Drummer Roger Taylor spoke about the album in December 2013, stating that he and guitarist Brian May were "getting together...in the new year to finish what we've got there and then we're going to fashion some kind of album". May announced the title as a compilation album in a radio interview on BBC Radio Wales on 23 May 2014 at the Hay Festival. It is the first Queen album to feature unreleased material from Mercury (who died from complications related to AIDS on 24 November 1991) since the 1995 album Made in Heaven and Deacon (who retired from the music business in 1997) since the 1997 compilation album Queen Rocks. The album was released by Hollywood Records in the United States on 10 November 2014.

==Material==
Brian May said most of the material "comes from the 80s, when we were in full flight. It is quite emotional. It is the big, big ballads and the big, big epic sound." He has compared it to Made in Heaven. May had earlier stated that the album may end up being a mixture of old existing material and new material containing at least three unreleased songs, later stating possibly as many as five. The material has been fleshed out with modern technology by May.

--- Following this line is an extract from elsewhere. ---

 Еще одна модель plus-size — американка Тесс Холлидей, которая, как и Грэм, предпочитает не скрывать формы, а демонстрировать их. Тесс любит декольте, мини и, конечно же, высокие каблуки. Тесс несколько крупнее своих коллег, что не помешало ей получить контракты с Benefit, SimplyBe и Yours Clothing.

"It is a rather odd mixture of our slower stuff," complained Roger Taylor. "I didn't want the double album version they've put out. It's an awful lot for people to take in, and it's bloody miserable. I wouldn't call it an album, either. It's a compilation with three new tracks. It's more of a record company confection. It's not a full-blooded Queen album."

==Songs==
==="Let Me in Your Heart Again"===

Originating from sessions for the band's 1984 album The Works, "Let Me in Your Heart Again" was written by May and originally recorded in Los Angeles in 1983. Speaking on The Chris Evans Breakfast Show in September 2014, May revealed that the band had initially found it impossible to complete the track and that several different versions of the lyrics were written to make it easier for Mercury to sing. They abandoned the song, but it was eventually recorded by May's wife Anita Dobson (with May on guitar) and released on her 1988 studio album Talking of Love (Dobson reportedly used the Queen version(s) as a guide vocal). In preparing the track for Queen Forever, May stitched together parts from each of the existing Queen versions, before he and Taylor fleshed out the music track. Consequently, the final studio version contains very different lyrics from the Dobson version.

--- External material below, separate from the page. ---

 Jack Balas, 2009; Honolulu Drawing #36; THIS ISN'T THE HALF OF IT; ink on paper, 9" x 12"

An alternative remix by William Orbit was released in November 2014 as a single in the UK to raise money for Product Red, an initiative founded in 2006 by U2 lead singer Bono for the purpose of engaging the private sector in raising awareness and funds to help eliminate HIV/AIDS in Africa.

==="Love Kills"===

It was stated by Adam Lambert at the start of the 2014 Queen + Adam Lambert Tour of North America that "Love Kills", Mercury's debut solo single from 1984, had been reworked by the band for inclusion on Queen Forever. The band then proceeded to play a stripped down ballad version of the track (the original version was noted for its heavily synthesized, disco-esque style).

Queen had previously reworked Mercury's solo recordings into Queen songs for their 1995 album, Made in Heaven. On that occasion, they had used his songs "Made in Heaven" and "I Was Born to Love You", as well as the unreleased solo recording "It's a Beautiful Day". When it became apparent that there was not enough quality unreleased Queen material to make a new full studio album, May and Taylor decided to utilise the same tactics.

Written by Mercury and Giorgio Moroder, "Love Kills" was originally recorded for the band's 1984 studio album The Works, but was ultimately rejected. It was then reworked as a Mercury solo track for inclusion in Moroder's 1984 restoration and edit of the 1927 silent film Metropolis. In 1985, the film was nominated at the 5th Golden Raspberry Awards for Worst Musical Score, and the song itself was nominated for Worst Original Song. Nevertheless, the single reached number ten on the UK Singles Chart.

Despite being released as a Freddie Mercury solo single, all four members of Queen appeared on the original release.

Speaking on The Chris Evans Breakfast Show, May revealed that he had always wanted to turn the song into a ballad, but had never done so before Mercury's death. The new version is led by May's lead guitar, rather than Mercury's original synthesizers. May also plays bass guitar on the track, supplemented by Deacon's additional electric guitar as taken from the original source tapes.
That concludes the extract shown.